» Prompt: Given the entries that follow, write out exactly the lines starting at the one containing "9. Turquoise V-Neck" and ending at the one containing "Прогноз магнитных бурь", both ends included, and only those.

» Provided records:

☆ ☆ ☆ ☆ ☆ ☆ ☆

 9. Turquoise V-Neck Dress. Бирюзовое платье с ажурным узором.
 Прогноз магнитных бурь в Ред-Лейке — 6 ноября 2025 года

☆ ☆ ☆ ☆ ☆ ☆ ☆

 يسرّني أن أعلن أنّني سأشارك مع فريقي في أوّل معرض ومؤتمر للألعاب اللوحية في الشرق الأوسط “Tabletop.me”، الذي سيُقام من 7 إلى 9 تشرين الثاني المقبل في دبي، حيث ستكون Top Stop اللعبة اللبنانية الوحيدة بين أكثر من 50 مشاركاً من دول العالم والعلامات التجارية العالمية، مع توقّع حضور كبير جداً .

☆ ☆ ☆ ☆ ☆ ☆ ☆

» Final answer:
 9. Turquoise V-Neck Dress. Бирюзовое платье с ажурным узором.
 Прогноз магнитных бурь в Ред-Лейке — 6 ноября 2025 года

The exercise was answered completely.